- [THE PROBLEM]
Which lines of the entries below include "Andrés"? List them all.

──────────────────────────────

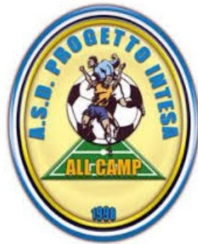
Logo Progetto Intesa
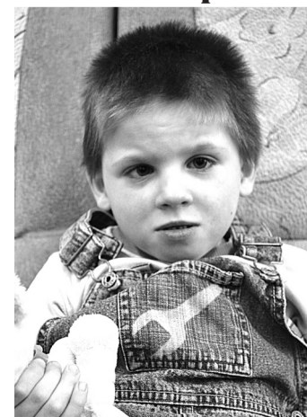
Виктор научился говорить, играть, общаться со сверстниками.
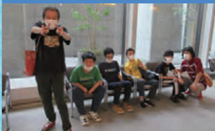
令和4年6月17日 「新県美展見学」広島県立美術館
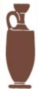
( ) Λήκυθος / Lekythos
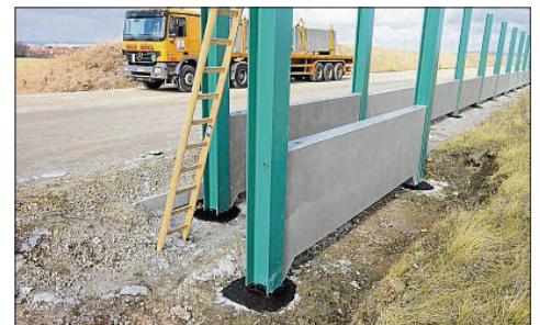
Einbau der Sockelelemente.

über die gesamte Länge konstant und wird in Abhängigkeit von den Pfosten, in denen sie gelagert werden, festgelegt. Zur Sicherstellung der Schalldämmung werden die Sockelelemente bis etwa fünf Zentimeter über die Unterkante mit einer wasserundurchlässigen Kies-schicht eingeschüttet. Die Höhe der Sockelelemente ist variabel und wird so festgelegt, dass am Einbauort die Oberkante des Sockel-
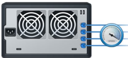
Abbildung 2) Herausragende Leistung

Synology High Availability stellt bei Ausfall eines Servers den nahtlosen Wechsel zwischen zwei Cluster-Servern mit minimalen Auswirkungen auf Unternehmen sicher.
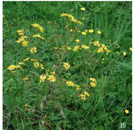
Abspreizendes Kreuzkraut ( Senecio erraticus )

Verwechslungsmöglichkeit mit weiteren Senecio-Arten, die aber ebenfalls giftig sind, ist unter anderem Abspreizendes Kreuzkraut ( Senecio erraticus ).
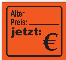
Best.-Nr. 27 - 02
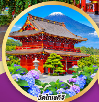
วัดโทเชคิจิ
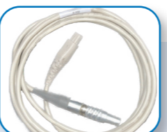
Kabel nawilżacza (beżowy)
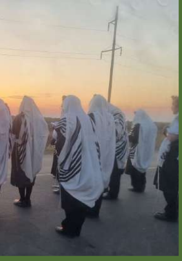
חומר ההסברה עבר יחד עם פותלות עד הגיעו ל

למודעה היתה בערך כך: 'וואו! לזה הרי חיכינו זמן רב', 'כל הכבוד!', 'איפה היינו עד היום'. הפרור ספקט נקרא בשקיקה, כשאתה רואה איך אב' רכים מהנהנים בראשם, מזדהים עם כל מילה הכתובה שם.
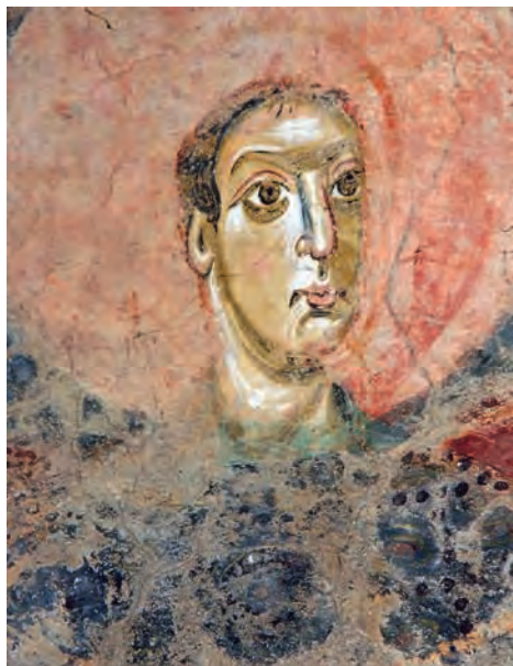
Fig. 7 – Galliano, église Saint-Vincent, saint Michel.
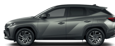
Pine Green – Matná 3,4 1 090 €
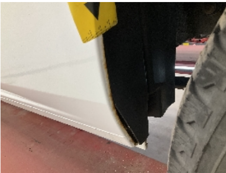
28. Lakk / karosseri utvendig
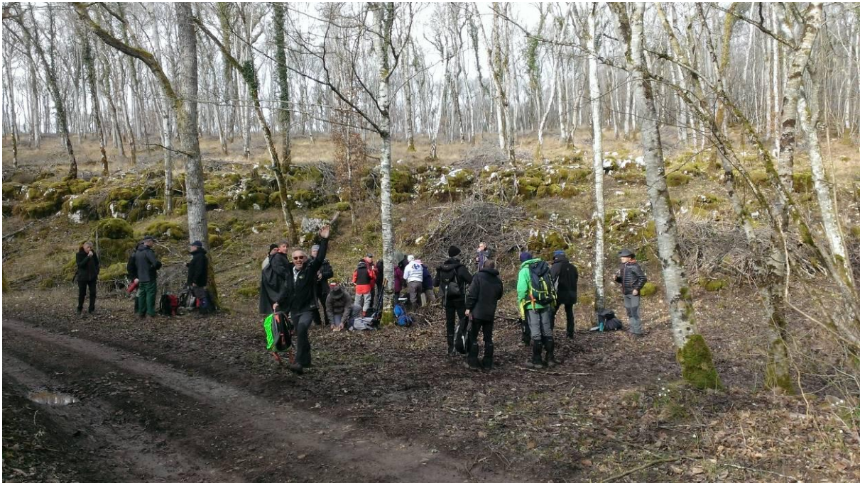
Pause thé-café dans le chemin des combes

Plutôt que la beauté du paysage, assez quelconque, on apprécie surtout le calme et la douceur des pentes : on grimpe sans s'en apercevoir... ou presque.
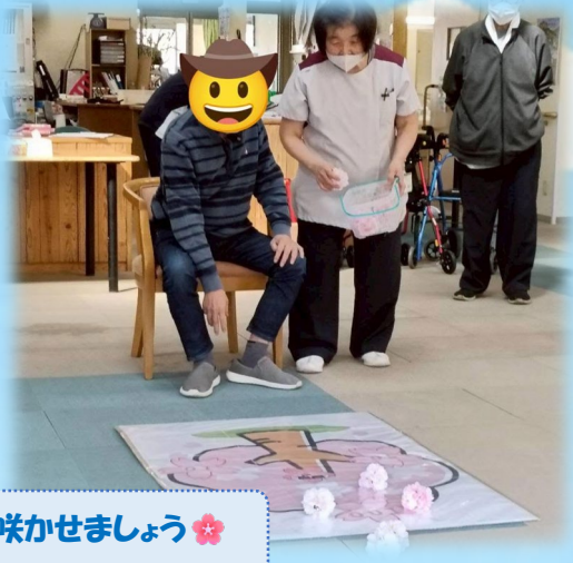
花を咲かせましょう🌸
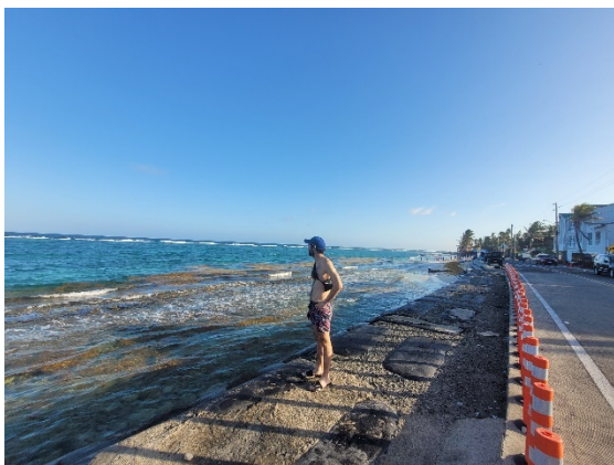
Figura 11. La erosión costera expresada en la pérdida de la línea de costa en la Isla de San Andrés justo al lado de la vía principal de isla.

Al encontrar el camposanto de corales en una de las zona de acantilados que rodean la Isla de San Andrés, y que inspiraron este texto, supuse que este
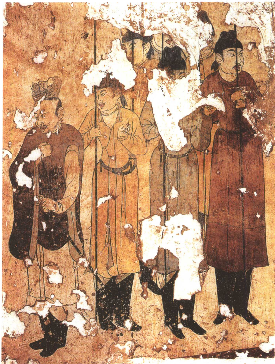
仪卫图 韦贵妃墓壁画

有谁会相信这是武装卫队。细细的枪杆，如同指挥棒。时髦的大衣，威风的双靴，还有顾盼的眼神，分明是唐代的时装表演队。
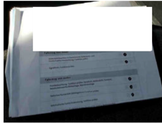
Fahrzeug - Serviceunterlagen / Wartungsnachweis
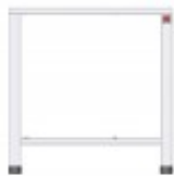
TAVOLO FORNI ELETTRICI EKF 311 - EKF 364 - EKF 411 - EKF 464 IN TUTTE LE VERSIONI TKEKT411
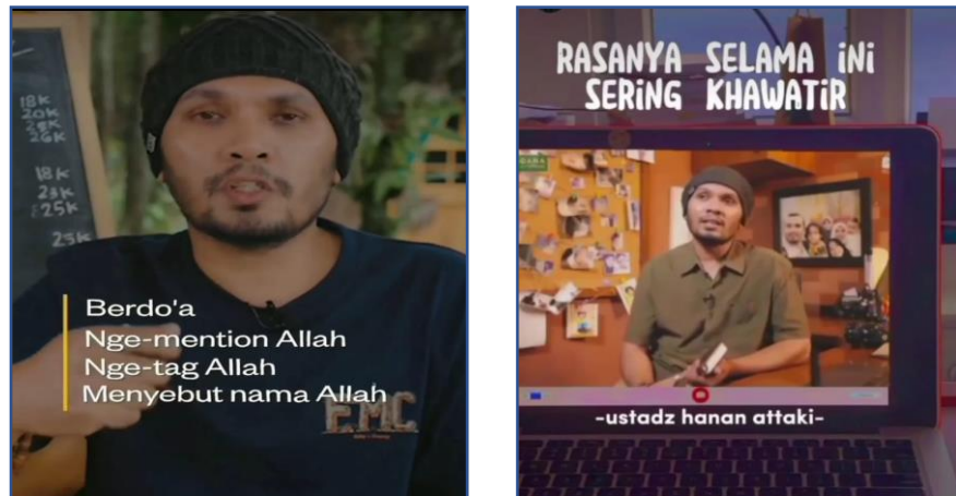
Gambar 4.3. Kajian ustadz Hanan Attaki, Lc
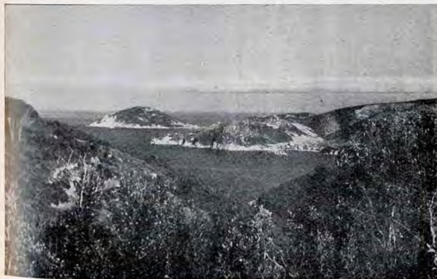
Al Colle Pecorino: il panorama dei tre laghi
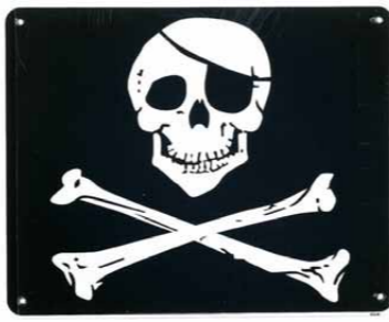
【アメリカンブリキ看板 (海賊マーク)】 あの海賊印がブリキ看板になって登場。アメリカ製。サイズ(約)：H18×W25.5センチ/1800円 (Candy Tower ☎06-6698-6969 www.candytower.com)
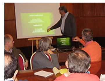
PRESENTACIÓN DEL PLAN FORESTAL, SALTA.

El desarrollo de este drama, que ha castigado principalmente a quienes intentaba proteger, se debe a rasgos característicos de nuestra sociedad:
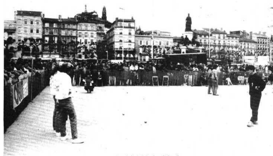
Vue générale de la place du Breuil.

● HUMOUR... QUAND TU NOUS TIENS !! L'entendu, sous forme de devinette, dans un groupe de personnes apparemment sérieuses : - Quel est le plus beau rêve d'une boule de pétanque ? - L'amour des suçons... et la vie à la colle avec le but. Un rêve... cochonnet !!
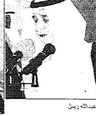
عبدالله بن تركي
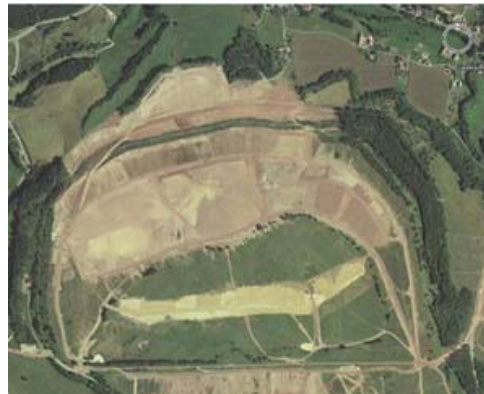
Referenz BIT: IAA Trünzig der Wismut GmbH

Persönlich engagiere ich mich als „Netzwerker“ ehrenamtlich
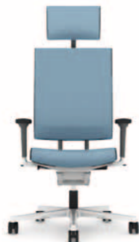
300.1000 + al301 + ns301
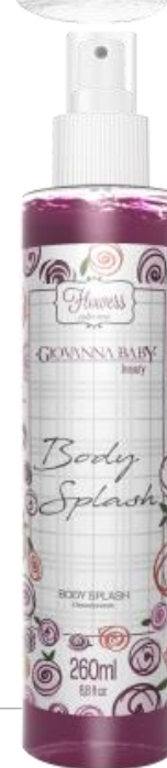
BEAUTY Cód. 19372 EAN DUN FAB.
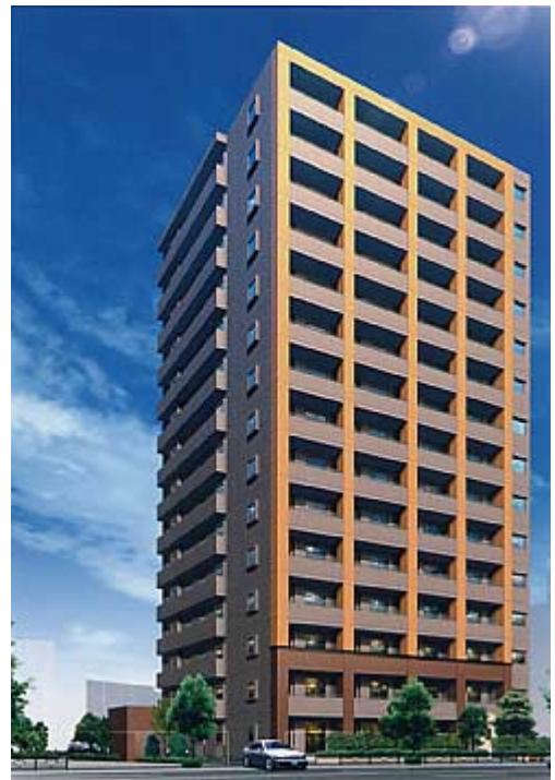
【建物外観（完成予想図）】
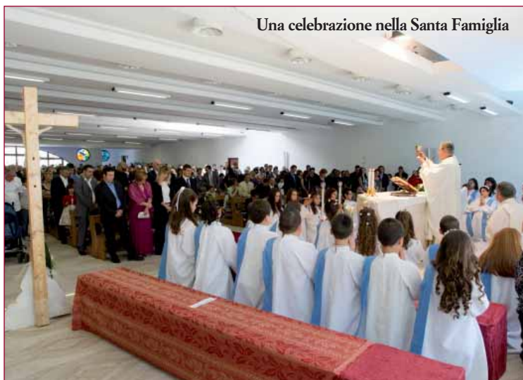
Una celebrazione nella Santa Famiglia

Siamo consapevoli che questo evento non è il solo traguardo prefisso dalla parrocchia, anzi sappiamo che la stessa chiesa necessita ancora di alcune realtà da sistemare definitivamente, come: il Tabernacolo, il Fonte Battesimale, le Vetrate colorate, l'Acquasantiera, il Con-
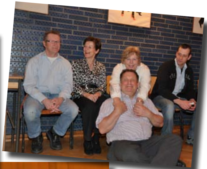
Schnappschüsse von Andreas Federwitz
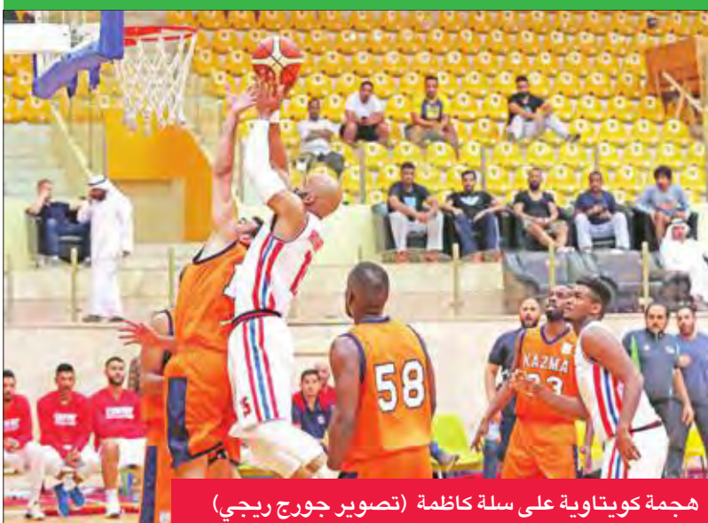
هجمة كويتاوية على سلة كاظمة
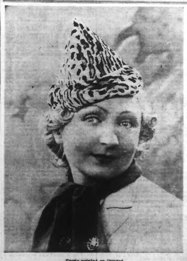
Toque pointée en léopard.

Les actrices qui désirent les patrons-primes des modèles ci-dessus d'auront qu'à nous adresser leur commande accompagnée du montant en timbre-poste. Le prix de chaque patron est de 3 francs. Les envois sont faits franco à domicile. Bien indiquer le numéro du ou des patrons demandés et l'adresse du destinataire. Envoyer votre demande au Service des Patrons du Réveil du Nord n. 120, rue de Paris, Lille.
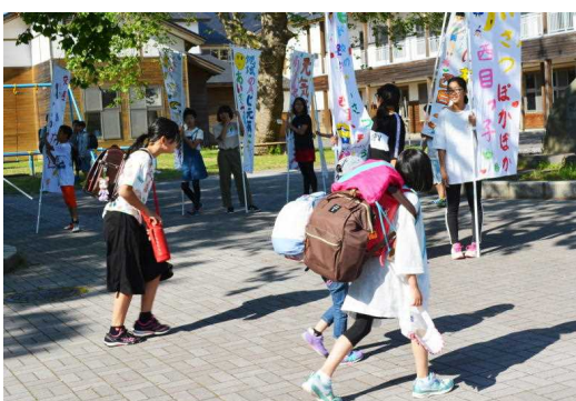
朝、街頭や学校前でのぼり旗を掲げ、地域の方々と一緒にあいさつ運動
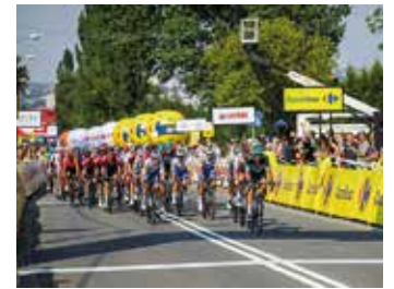
TdP 2020 w Bielsku-Białej

Trasa 80. edycji Tour de Pologne UCI World Tour została zaprezentowana na żywo 19 czerwca w TVP Sport. Przypomnijmy, że piąty etap tegorocznego wyścigu będzie miał metę w Bielsku-Białej.

──────────────────────────────

- [RESULT OF THIS EXERCISE]
Figura 11. La erosión costera expresada en la pérdida de la línea de costa en la Isla de San Andrés justo al lado de la vía principal de isla.
Al encontrar el camposanto de corales en una de las zona de acantilados que rodean la Isla de San Andrés, y que inspiraron este texto, supuse que este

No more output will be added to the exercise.